Pour mener ces grandes manœuvres dans le cadre de cet ancrage lyonnais réaffirmé, Sanofi investit 1,5 milliard d’euros sur dix ans pour notamment transformer donc son site de Neuville dans le Beaujolais, en lieu de production de vaccins contre la dengue (300 millions d’euros) et créer à Marcy l’Etoile, une nouvelle usine de production de vaccins (100 millions d’euros).
Un centre mondial de R&D à Lyon-Gerland en 2015
Pour accroître les synergies, une grande partie de la Recherche et de la direction seront regroupés à Gerland. Ainsi, à l’horizon 2015, Sanofi y créera un centre mondial de R&D sur les maladies infectieuses, auquel sera associé Mérial, la branche spécialisée dans la santé animale.
« La recherche n’est plus verticale, mais de plus en plus horizontale. Nous avons développé beaucoup de partenariats sur la place lyonnaise et nous voulons développer l’effet cafétéria », lance Olivier Charmeil.
De même un nouveau siège social commun à Sanofi Pasteur et à Mérial sera construit, dans le quartier de Gerland, à Lyon, toujours, où seront regroupées de 600 à 700 personnes.
Un marché mondial de 20 milliards d’euros
Le Pdg de Sanofi Pasteur veut donc que la société qu’il dirige s’adapte à cette la nouvelle donne mondiale : « Les deux tiers de notre croissance va venir des pays émergents. Et d’ajouter : « Je suis confiant dans les investissements que allons réaliser. » Si le plan de marche adopté est le bon, Sanofi-Pasteur pourra continuer à prendre sa part dans un marché mondial des vaccins qui pèse près de 20 milliards d’euros et croît au rythme de 7 à 8 % l’an.

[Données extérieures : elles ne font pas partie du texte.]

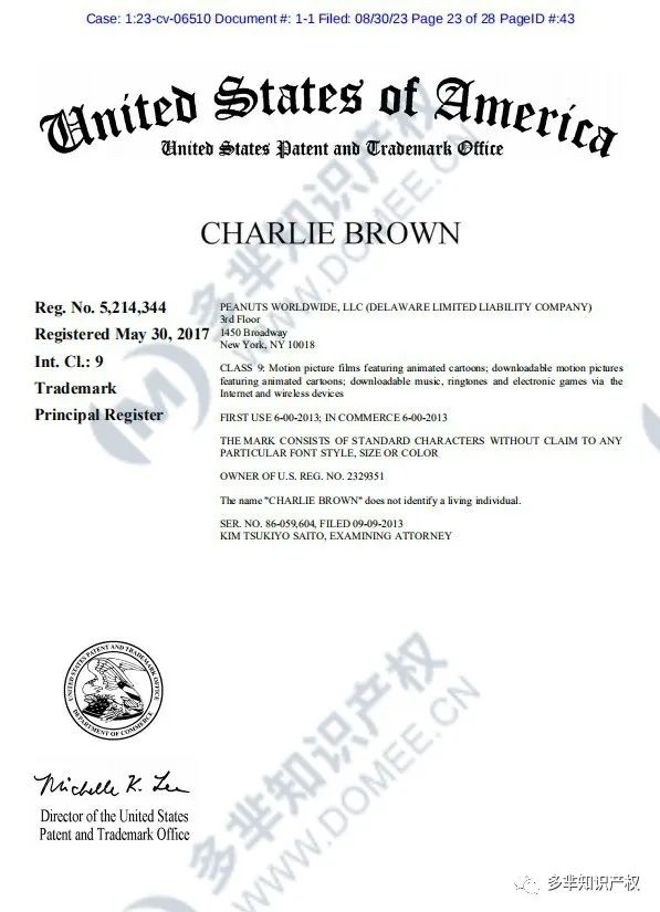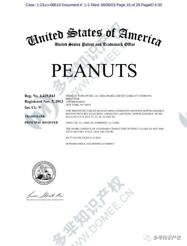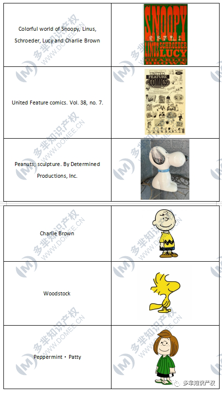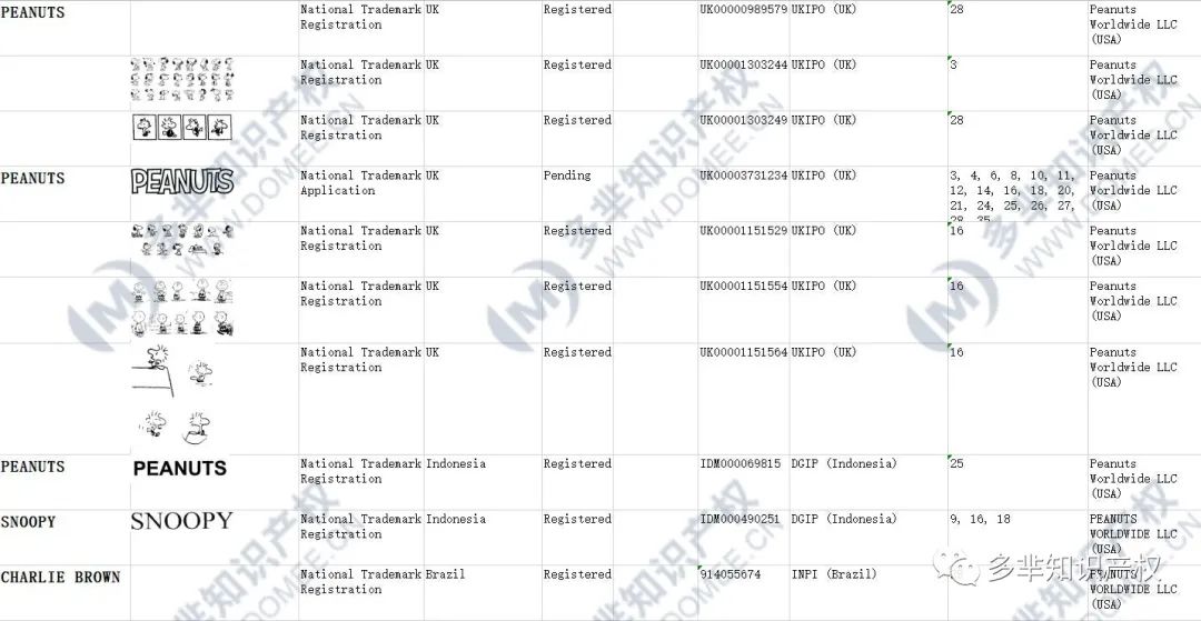 本次案件举证的商标主要以“SNOOPY”、“PEANUTS和“CHARLIE BROWN”的文字商标为主。举证商标共20个,主要涉及20、21、16、5、18、14、25、28、24、9、41类目。

Toutes ces grandes manœuvres se feront, assure le Pdg, à effectifs constants : ce qui, dans la conjoncture actuelle n’est déjà pas si mal, même si les conséquences ne sont pas minces pour les salariés. Le site de Neuville qui employait 720 personnes, n’en emploiera à terme plus que 300. La réduction d’effectifs est réalisée par des transferts vers d’autres sites, mais aussi des départs à la retraite anticipés et des mutations de postes accompagnés d’un gros volet formation.
Sanofi en Rhône-Alpes, ce sont 6 700 salariés, dont 1 300 chercheurs, dispersés sur onze sites et la plus grande usine de vaccins au monde, à Marcy l’Etoile qui emploie à elle seule…3 400 salariés.